§ TASK GOAL
Restate, word for word, each entry that follows, but skip its pictures.

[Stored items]
<<<<
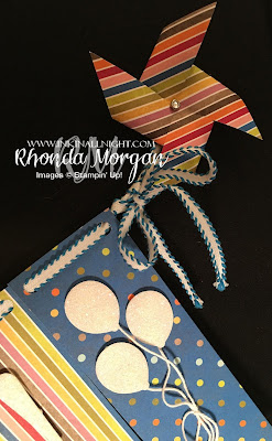 I used the Dazzling Details Glimmer Paper to cut out my PARTY! with the Large Alphabet Framelits – super easy if you peel off the light backing layer behind the glimmer paper. It’s almost as thin as a small layer of film, it just sort of peels off. Then I punched some balloons as I was only sent a small sampling of the Honeycomb Crepe Balloon shapes to work with. You could easily order those and include them as part of the class fee and then your balloons could be 1 of each color on each end and be puffy and add another layer of texture and fabulousness!!
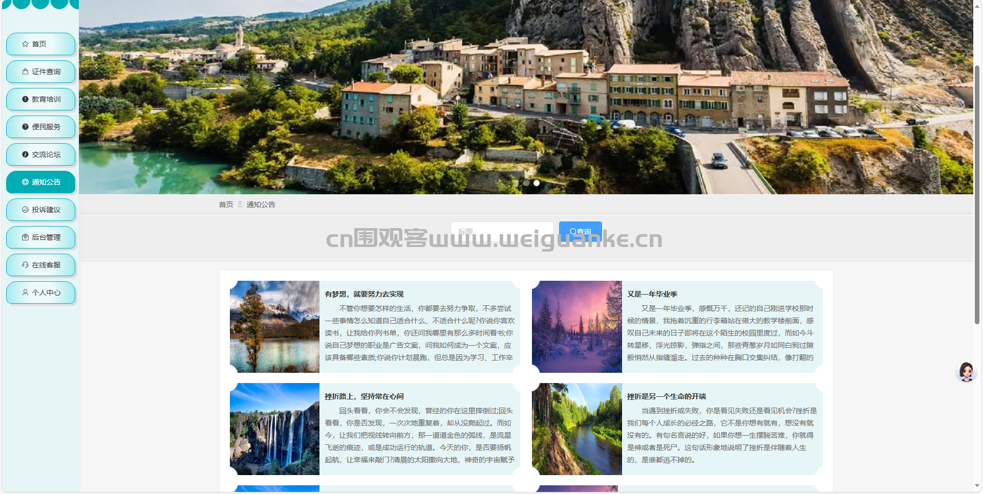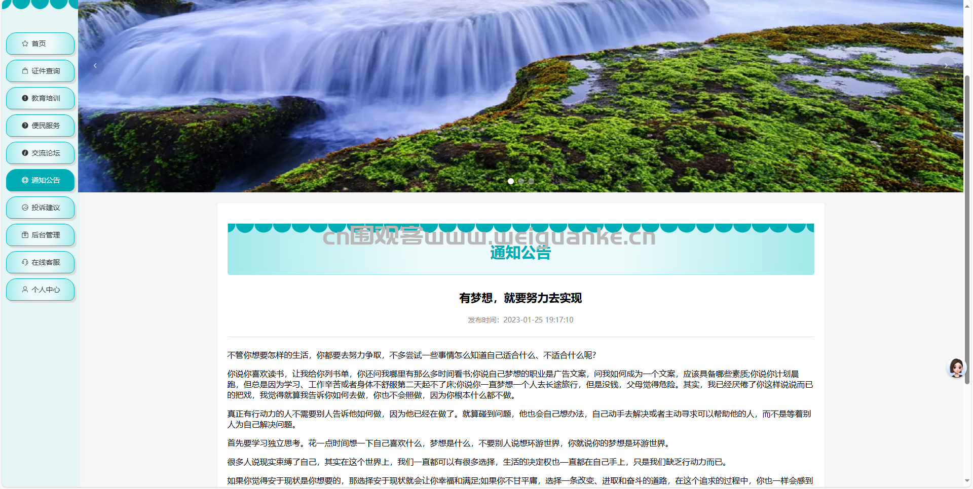 通知公告:发布、置顶、撤回面向公众或内部的重要通知。
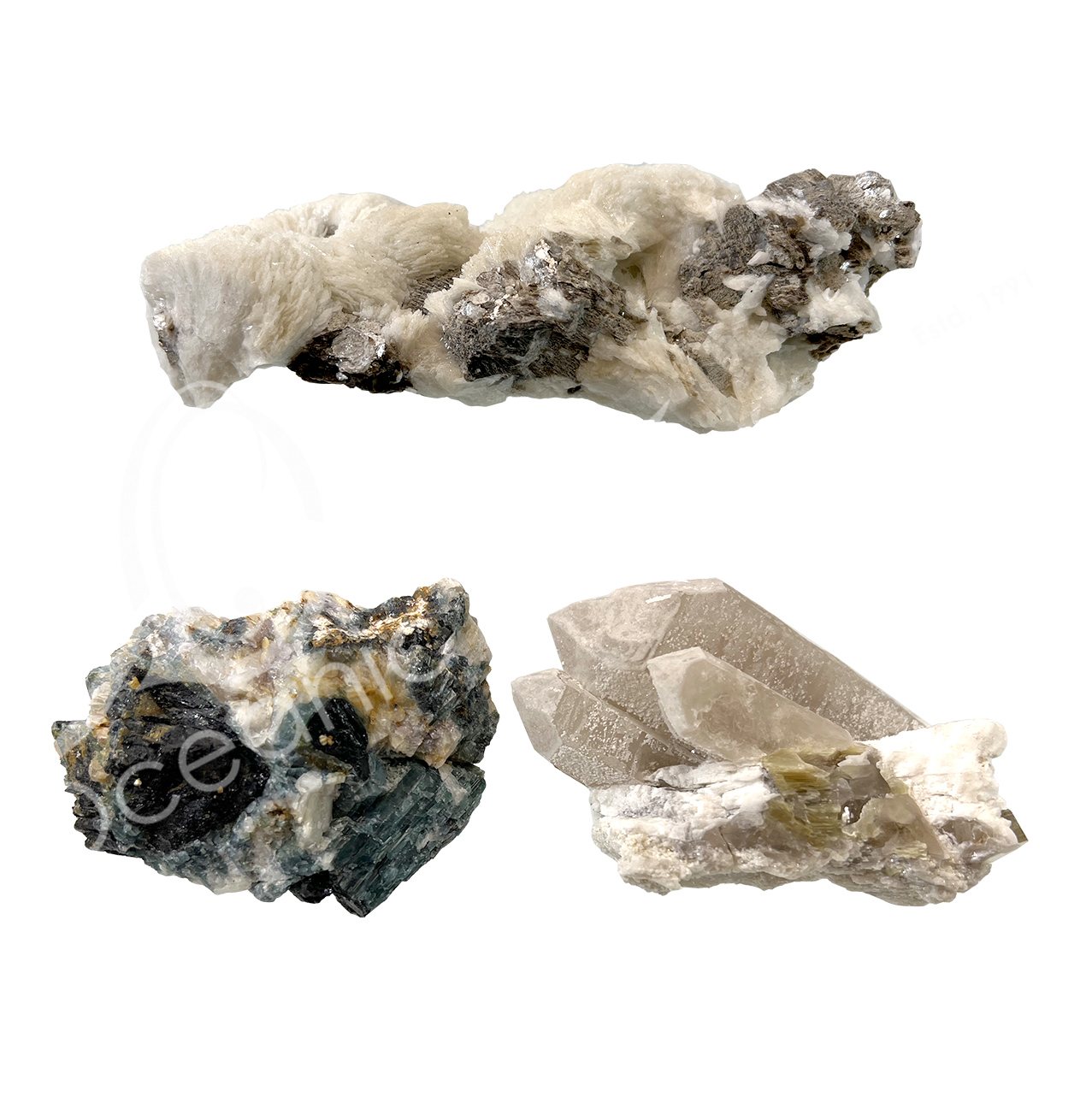 SPECIMEN – ALBITE WITH TOURMALINE, SMOKY QUARTZ & LEPIDOLITE 3-12″
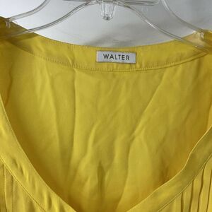Walter Blouse Womens XS Yellow Short Sleeve Pleated Ruffle VNeck Button Up Silky
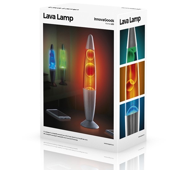 Una lámpara de mesa que crea un ambiente muy especial al fluir en su interior una apacible corriente de lava. Perfecta para la mesilla de noche o para cualquier espacio de la casa.
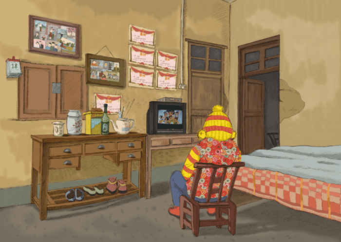 小学到高中,奶奶习惯性早起给我们煮鸡蛋煮面。一吃饱就把折得整整齐齐的红领巾给弟弟系上,把纸巾放弟弟口袋。奶奶在阳台摘了药草煮的凉茶,用大水勺盛好等我们放学回来喝。小时候房子小,一个房间放两张床,我和姐姐跟奶奶睡一个房间。跟姐姐在床上唱歌吵闹,奶奶抱怨我们太大声;周末和奶奶在床上玩纸牌;每逢七夕,奶奶都会去接雨水装好放床边,说这样对身体好;奶奶最喜欢看《超级五星战队》、《少年梁祝》,一边看一边骂马文才有多坏;奶奶经常靠在窗边,看着对面的房子说:你看这家阿嫲又搬凳子出来乘凉了
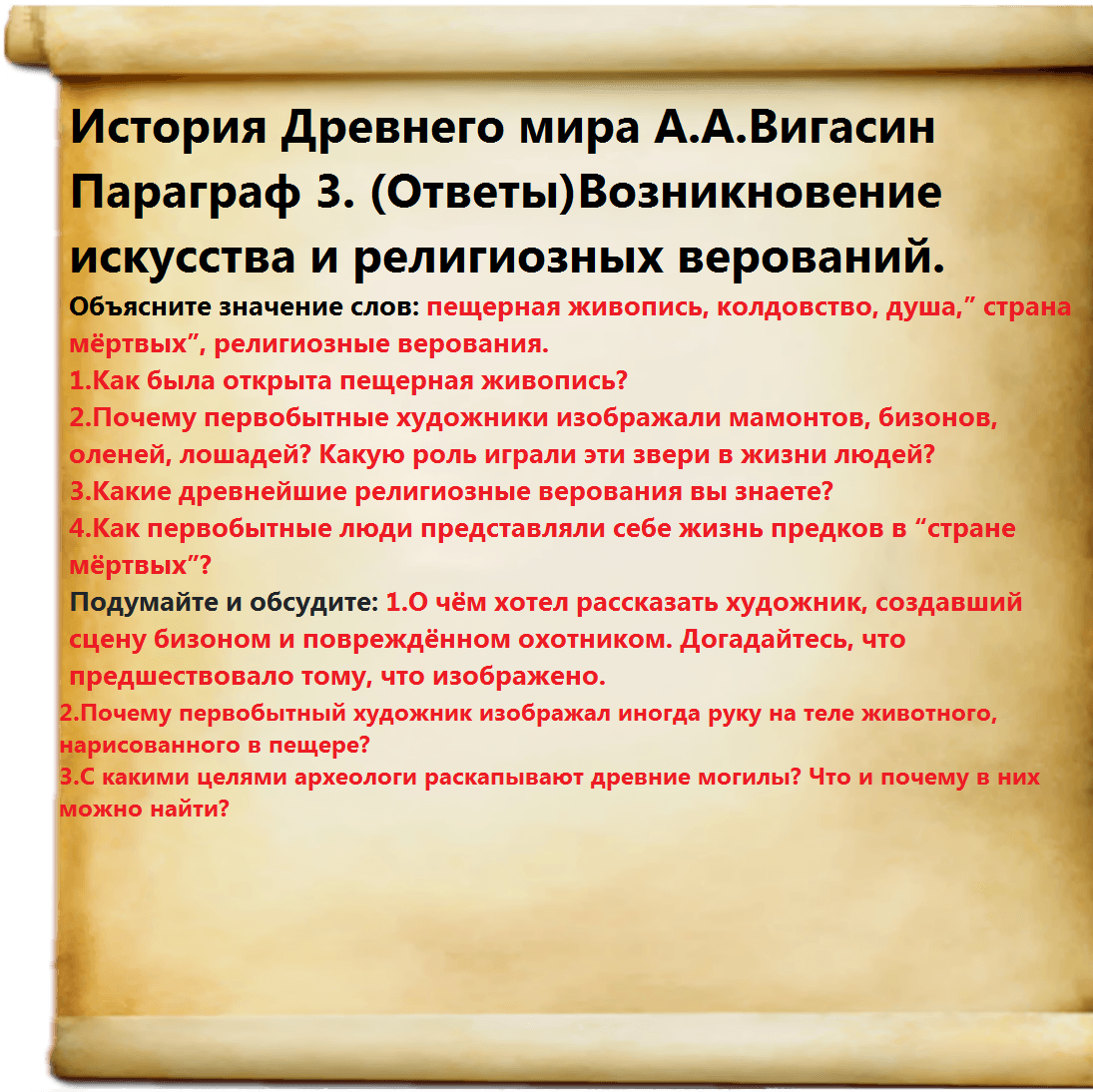 История Древнего мира А.А. Вагасин. Параграф 3. Возникновение искусства и религиозных верований (Ответы)
>>>>
§ RESPONSE FOR THIS EXERCISE
 I used the Dazzling Details Glimmer Paper to cut out my PARTY! with the Large Alphabet Framelits – super easy if you peel off the light backing layer behind the glimmer paper. It’s almost as thin as a small layer of film, it just sort of peels off. Then I punched some balloons as I was only sent a small sampling of the Honeycomb Crepe Balloon shapes to work with. You could easily order those and include them as part of the class fee and then your balloons could be 1 of each color on each end and be puffy and add another layer of texture and fabulousness!!
 通知公告:发布、置顶、撤回面向公众或内部的重要通知。
 SPECIMEN – ALBITE WITH TOURMALINE, SMOKY QUARTZ & LEPIDOLITE 3-12″
Walter Blouse Womens XS Yellow Short Sleeve Pleated Ruffle VNeck Button Up Silky
 Una lámpara de mesa que crea un ambiente muy especial al fluir en su interior una apacible corriente de lava. Perfecta para la mesilla de noche o para cualquier espacio de la casa.
 小学到高中,奶奶习惯性早起给我们煮鸡蛋煮面。一吃饱就把折得整整齐齐的红领巾给弟弟系上,把纸巾放弟弟口袋。奶奶在阳台摘了药草煮的凉茶,用大水勺盛好等我们放学回来喝。小时候房子小,一个房间放两张床,我和姐姐跟奶奶睡一个房间。跟姐姐在床上唱歌吵闹,奶奶抱怨我们太大声;周末和奶奶在床上玩纸牌;每逢七夕,奶奶都会去接雨水装好放床边,说这样对身体好;奶奶最喜欢看《超级五星战队》、《少年梁祝》,一边看一边骂马文才有多坏;奶奶经常靠在窗边,看着对面的房子说:你看这家阿嫲又搬凳子出来乘凉了
 История Древнего мира А.А. Вагасин. Параграф 3. Возникновение искусства и религиозных верований (Ответы)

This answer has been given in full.